Figure 7.. SST subtypes target distinct subcellular compartments of L5-PT dendrites.

(A) Representative images of a putative synapse from SST-Myh8 interneurons onto a PT tuft dendrite. SST-Myh8 axons are labeled with Chrna2-Cre;Sst^FlpO;Ai80-CatCh-EYFP, L5-PT dendrites labeled with rAAV2-retro-hSyn-mScarlet, presynaptic puncta labeled with Gad65, and postsynaptic puncta labeled with Gephyrin. The top row shows the merged image with all four channels (left) and the 3D reconstruction in Imaris (right). Arrowheads indicate the location of the putative synapse identified by the colocalization of all four channels in Imaris. Scale bars, 1 μm. (B) Representative images of putative synapses from SST-Myh8 interneurons onto PT tuft dendrites in lower magnification. Arrowheads indicate the location of putative synapses. Merged image (left) shows all four channels as in (A), and Imaris reconstruction (right) shows the locations of the putative synapses on the dendrite. Scale bars, 1 μm. (C-E) Representative image of SST-Calb2 putative synapses on L5-PT tuft dendrites, dendritic apical branch, or dendritic trunk, as in (B). Scale bars, 1 μm. (F) Quantification of SST-Calb2 puncta on L5-PT dendrites. The number of puncta is normalized by the surface area of the reconstructed dendrite. Each data point represents one ROI examined. (G) Quantification of SST-Myh8 puncta on L5-PT dendrites. The number of puncta is normalized by the surface area of the reconstructed dendrite. (H) Comparison of SST-Calb2 and SST-Myh8 puncta on L5-PT dendrites. Statistics in Table S7.

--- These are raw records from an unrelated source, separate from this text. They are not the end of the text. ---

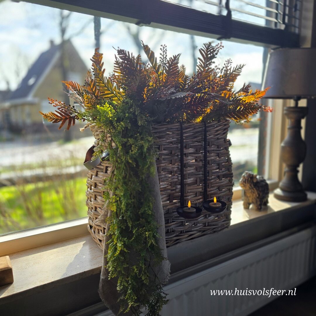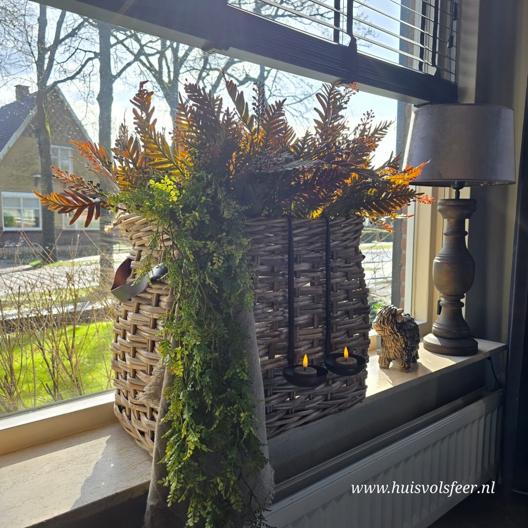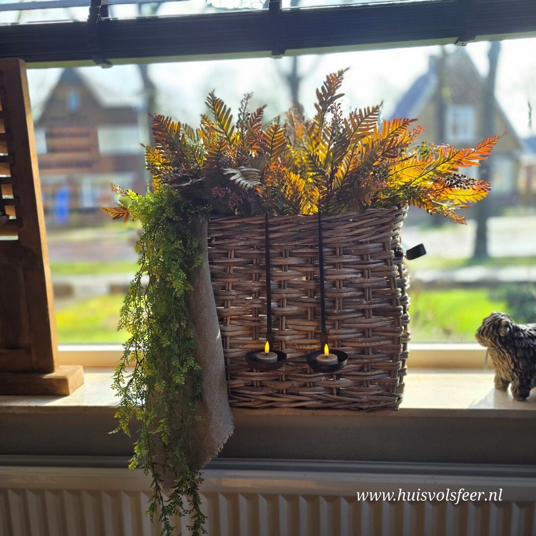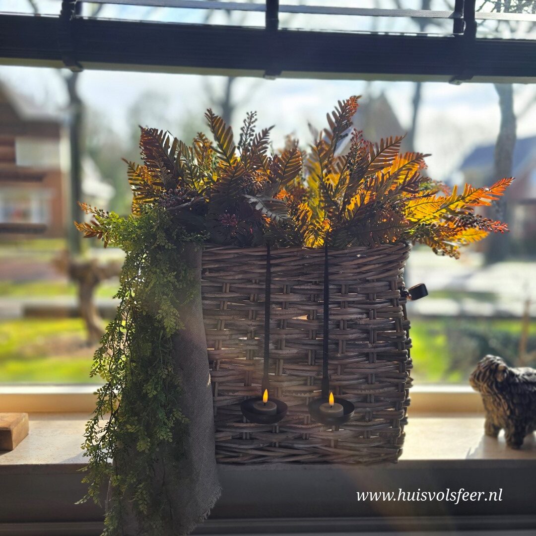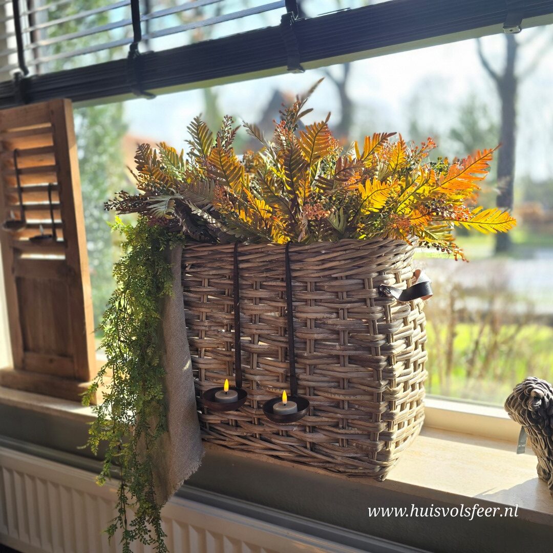 *Deze mand laat zich prachtig combineren met onze Myrica Bush takken en de Lipstick hanger. Voor een volle en sfeervolle look adviseren we ongeveer 6 bossen van de Myrica Bush in combinatie met de hanger.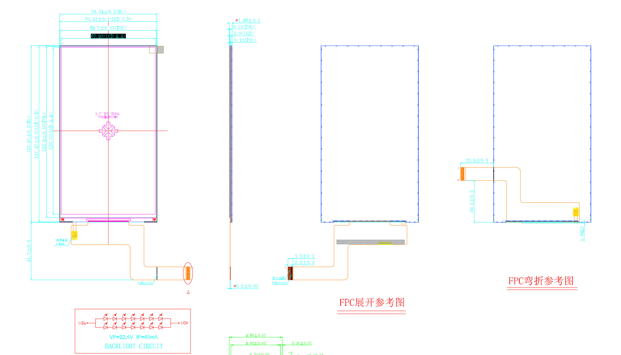 | Mitat ääriviivat | 70,34 (L)*127,91 (K)*1,96 (T) | Taustavalon ledit | 14 kpl |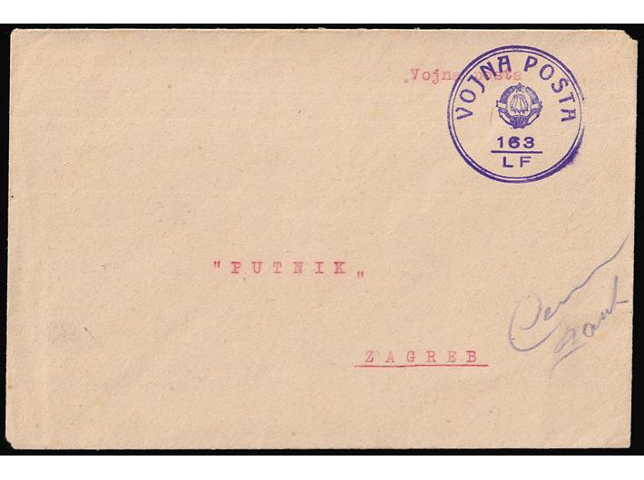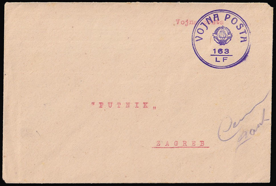 - Vojnopoštansko pismo upućeno iz vojne pošte 163/LF (IV armija, sanitet II bataljona) u Zagreb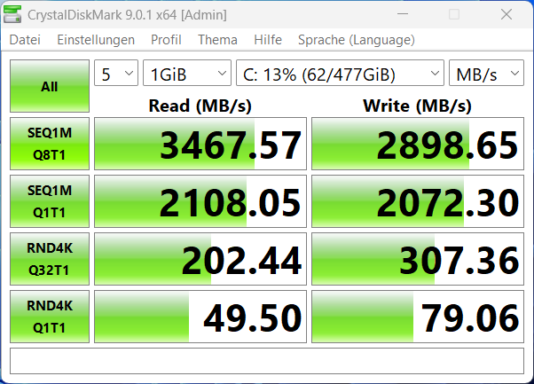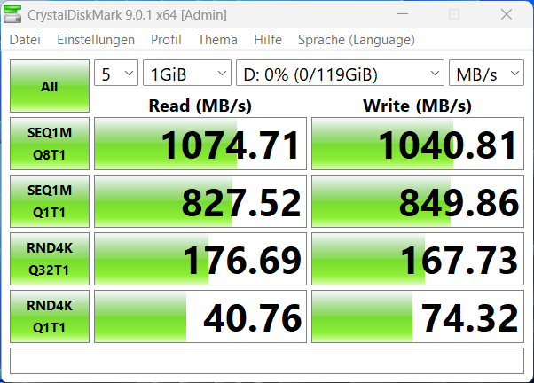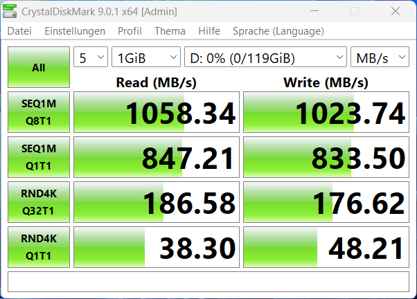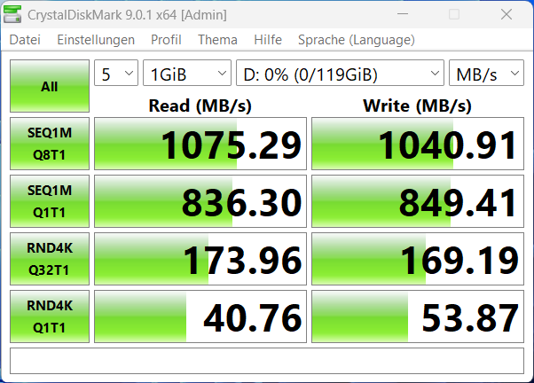 Der Test der USB-Ports liefert die versprochenen Geschwindigkeiten. Durchgeführt wurde der Test mit einer PCIe 4.0 SSD in einem USB 4 Gehäuse mit Abwärtskompatibilität. Beide USB-A Ports auf der linken Seite erreichen die beworbene Geschwindigkeit von 10Gbit/s. Gleiches gilt für den USB-C Port. Zu beachten ist, dass der USB-C Port ein reiner Datenport ohne Videoausgabe oder Power Delivery ist. Die Stromversorgung der SSD war problemlos. Auch eine 2,5" Festplatte in einem USB-Gehäuse wird von allen Anschlüssen ohne Probleme betrieben.

Figure 8.. Schematic drawing of the output circuitry of different SST subtypes in S1 and V1

Summary of our current understanding of the innervation pattern of different SST subtypes in S1 and V1, showing the preferred postsynaptic excitatory neuron cell type of each SST subtype. Dashed lines showing hypothesized output circuitry for SST subtypes that have not been fully characterized. IT, intratelencephalic neuron; PT, pyramidal-tract neuron; SC, L4 spiny stellate cell; CT, corticothalamic neuron.